Der Oracle-Aktie kommt dies Strategie zugute.

Oracles Erfolg in Zahlen

Mit seinem integrierten Ansatz gelingt es, sich gegenüber anderen Hyperscalern zu differenzieren. Entsprechende Cloud-Abos erfreuen sich daher gutem Kundenzuspruch. Und das sorgt nicht nur für einen Ausbau der Kundenbasis, sondern erleichtert auch das Cross-Selling und reduziert die Bereitstellungskosten. Im Ergebnis erzielt Oracle nicht nur mehr Umsatz, sondern auf lange Sicht auch höhere Margen.

Im Geschäftsjahr 2022, das am 31. Mai endete, lag der Jahresumsatz noch bei 42,4 Mrd. US-Dollar, 2025 immerhin bei 57,4 Mrd. US-Dollar. Interessant ist dabei, wie sich die Cloudumsätze (IaaS plus SaaS) entwickelten: Im Q4/2022 waren es noch 2,9 Mrd. US-Dollar. Drei Jahre später schon 6,7 Mrd. US-Dollar. Beeindruckend ist in diesem Zusammenhang auch der Zuwachs von 41 % auf 138 Mrd. US-Dollar beim Auftragsbestand, der sich aus den bestehenden, oft mehrjährigen Kundenverträgen, ergibt.

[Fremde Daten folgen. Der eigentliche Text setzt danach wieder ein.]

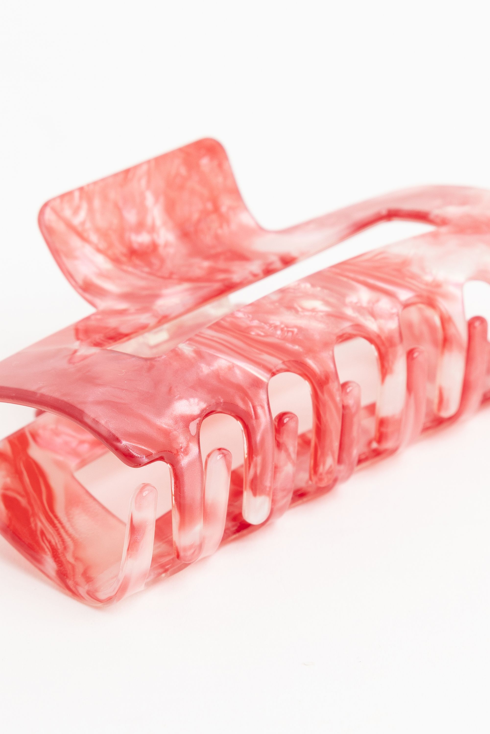 Deze rode haarclip met gemêleerd patroon heeft een stevige klem en een opvallend design. De speelse kleurmix geeft je kapsel een stijlvolle en vrouwelijke uitstraling. Afmeting: 10 cm.

Dass der Gesamtumsatz angesichts der rasanten Umstellung auf Abonnements nur mit einer Rate 8 % wächst, ist da zu verschmerzen, denn es spricht vieles dafür, dass künftig eine Beschleunigung erzielbar ist, je mehr Gewicht die Aboumsätze einnehmen.

Das mit der Margensteigerung funktioniert allerdings noch nicht. Die normalisierte operative Marge lag 2022 bei 46 % und 2025 bei 44 %. Beim berichteten Gewinn je Aktie gab es im Vergleich zu 2021 sogar einen kleinen Rückgang.

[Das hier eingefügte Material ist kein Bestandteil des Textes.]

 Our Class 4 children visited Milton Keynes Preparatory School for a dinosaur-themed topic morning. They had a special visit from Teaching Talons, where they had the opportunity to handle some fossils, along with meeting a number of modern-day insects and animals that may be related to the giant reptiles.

Das Management rechtfertigt diese Stagnation erstens mit der noch laufenden Umstellung von Lizenzen auf Abonnements, wegen der verzögerten Umsatzrealisierung. Der zweite Punkt betrifft die massiven Zukunftsinvestitionen. Oracle nimmt viele Milliarden in die Hand, um Supercluster, Rechenzentren und GPU-Kapazitäten auszubauen. Zudem geht das Unternehmen bei diversen KI-Partnerschaften in Vorleistung.

Oracle-Aktie – von Value zu einer Wette auf die Zukunft

Noch vor einigen Jahre war Oracle eher eine Art Cash-Cow, die ordentliche Zahlen ablieferte, aber wenig Fantasie bot. Inzwischen geht das Unternehmen jedoch in die Vollen, um beim großen Spiel rund um Cloud und KI in die erste Reihe vorzustoßen. Oracle verfügt historisch bedingt über einzigartige Stärken, die bei dieser Strategie zum Tragen kommen.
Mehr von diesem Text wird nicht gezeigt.